= Larry LeBlanc =

Canadian journalist

Larry LeBlanc is a music journalist who wrote hundreds of articles about the music industry in Canada as the Canadian bureau chief of Billboard as well as a number of other publications, and contributed to the development of the National Music Centre in Calgary. He is currently senior writer of the weekly U.S. entertainment trade CelebrityAccess, where he is responsible for the series "In The Hot Seat". He is the recipient of a 2013 Juno Special Achievement Award.

==Career==
In the 1970s, LeBlanc was a correspondent for Rolling Stone magazine. In 1973 and 1974, LeBlanc was a writer for the Ian Tyson Show.

From 1970 to 1980, LeBlanc edited Canadian articles for the magazine Record World. During the late 1970s and early 1980s he hosted the Sunday afternoon radio program Backstage Pass on Q107 in Toronto, where he introduced many New Wave and Punk acts to his audience. In 1981, he co-founded the music industry magazine The Record.

LeBlanc was the Canadian bureau chief for Billboard Magazine from 1991 to 2007.

In 2010 LeBlanc co-authored the book "Music From Far And Wide: Celebrating 40 Years Of The Juno Awards" with Karen Bliss, Nick Krewen, and Jason Schneider, released by Key Porter Books.
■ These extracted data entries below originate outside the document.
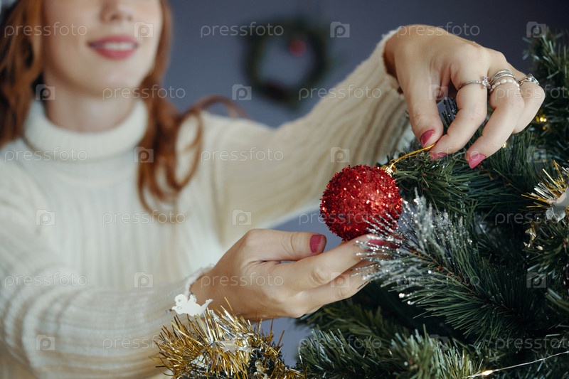 Украшение рождественской елки красным орнаментом
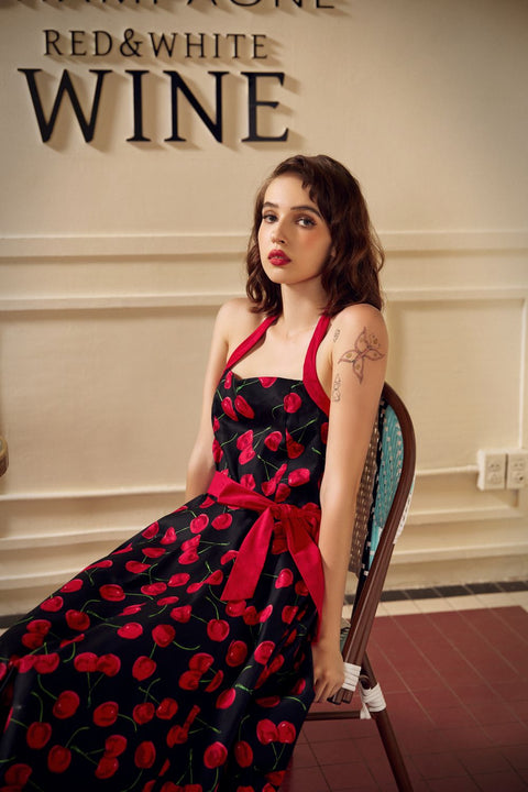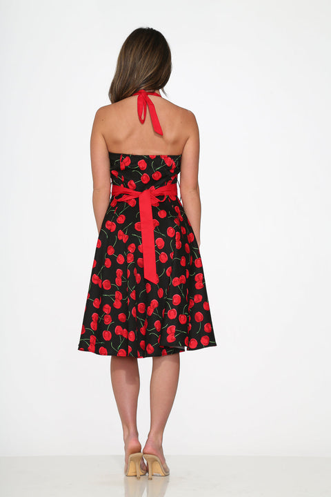 Channel classic pin-up style with the Black& Red Cherry Halter Dress by Orchid Bloom. Featuring a bold red cherry print on a sleek black background, this halter-style swing dress brings vintage flair to warm-weather days and fun nights out.
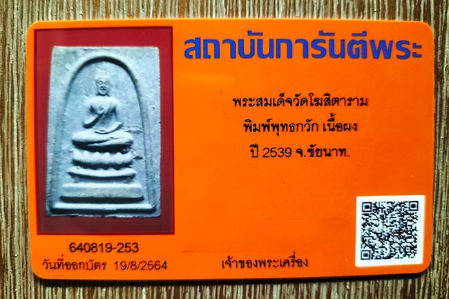 พระสมเด็จ หลวงพ่อกวย วัดโฆสิตาราม พิมพ์พุทธกวัก เนื้อผง ปี 2539 จ.ชัยนาท สภาพสวย พร้อมบัตรรับรอง
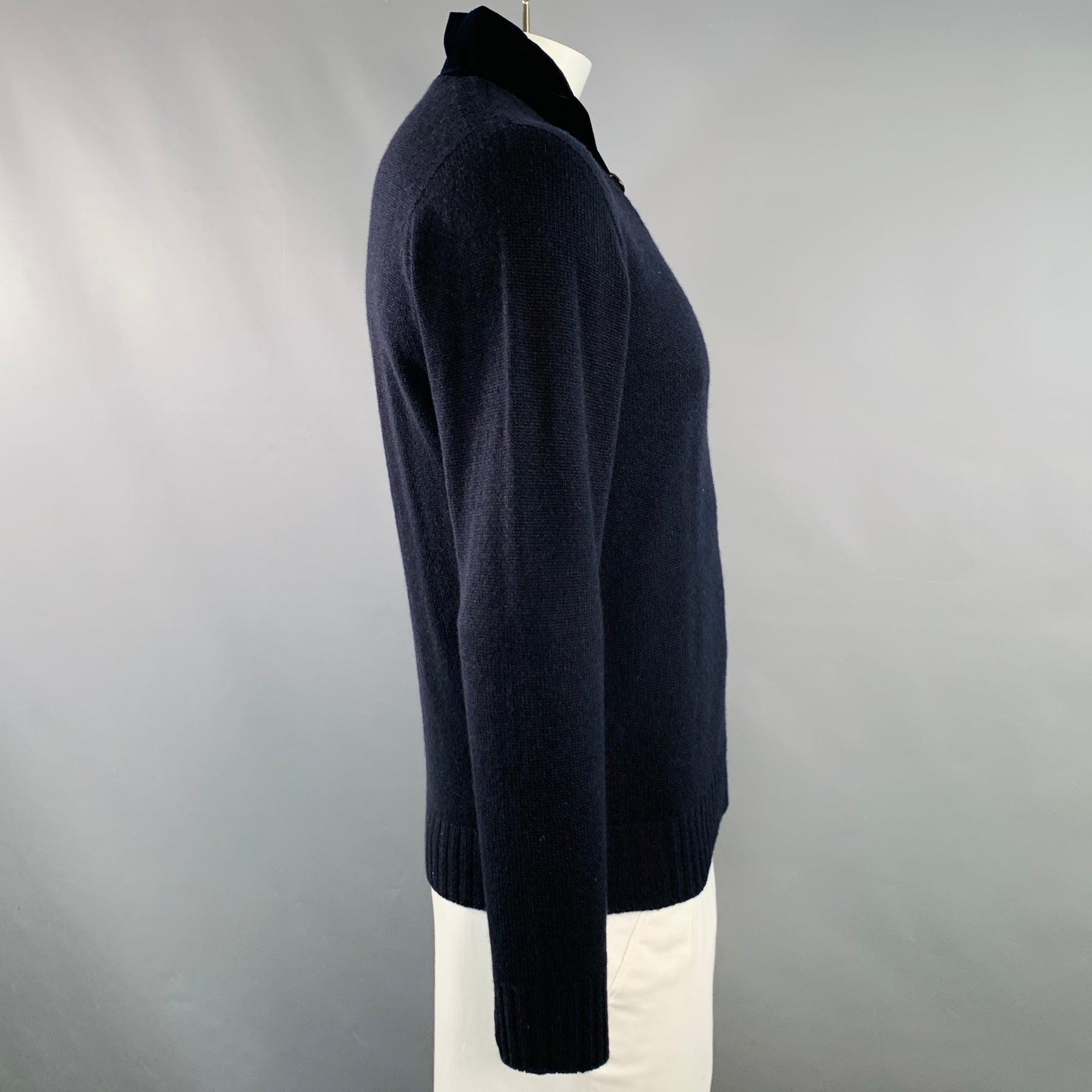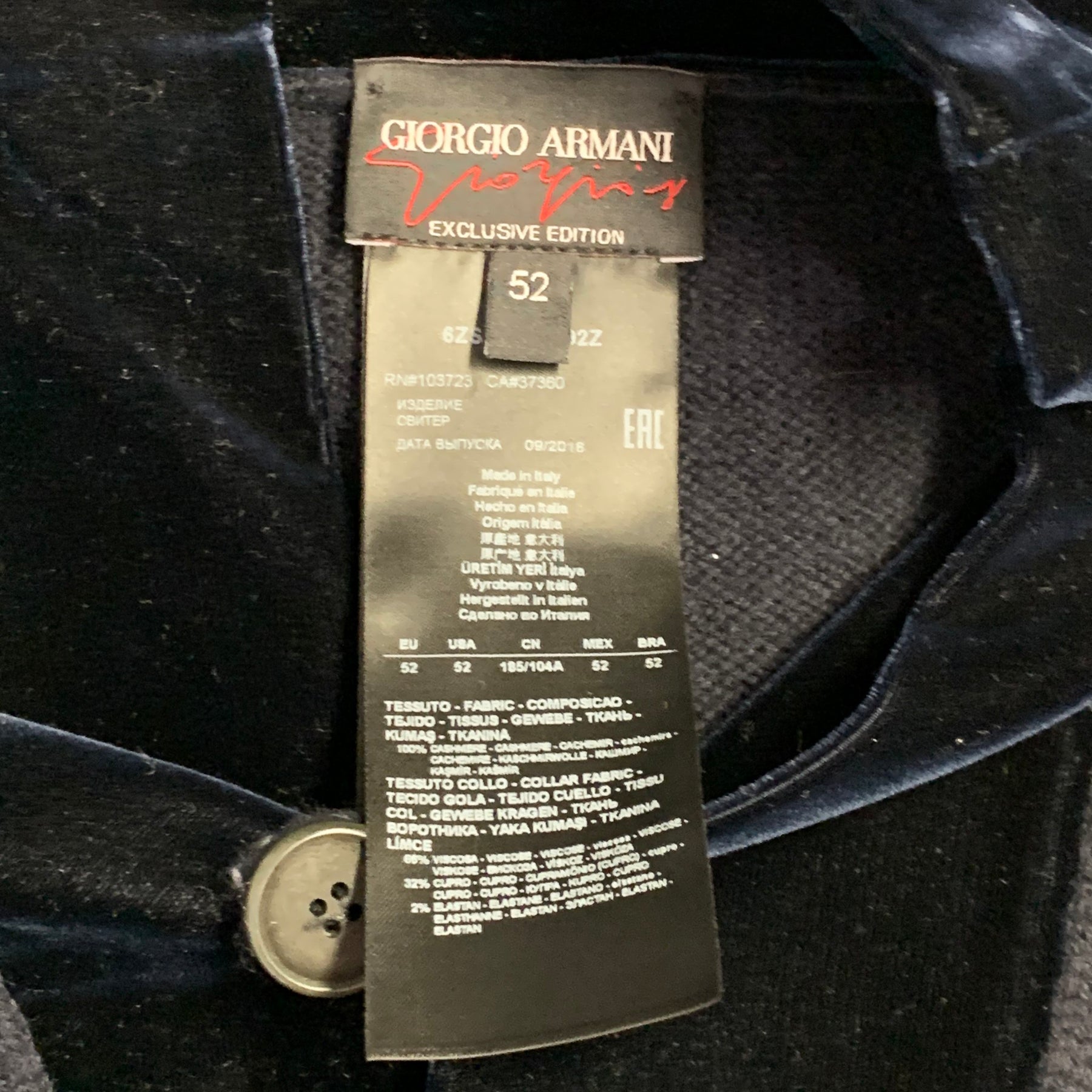 GIORGIO ARMANI Exclusive Edition sweater in a navy cashmere knit with black velvet collar with button, long sleeves, and V-neck.

In 2013 LeBlanc was presented with a 2013 Juno Walt Grealis Special Achievement Award for his contributions to the Canadian music industry.

In 2015 LeBlanc worked as a consultant during the development of the new National Music Centre in Calgary, Alberta. In 2016 he was a writer for the magazine Celebrity Access and also hosted a show on CBC Radio entitled "Larry and the three Wise Men".

Currently LeBlanc is the senior writer of the weekly U.S. entertainment trade CelebrityAccess, where he is responsible for the series "In The Hot Seat". Additionally he was a six-year board member of the Mariposa Folk Festival in Orillia, Ontario, and a Lifetime Member of the Songwriters Hall of Fame.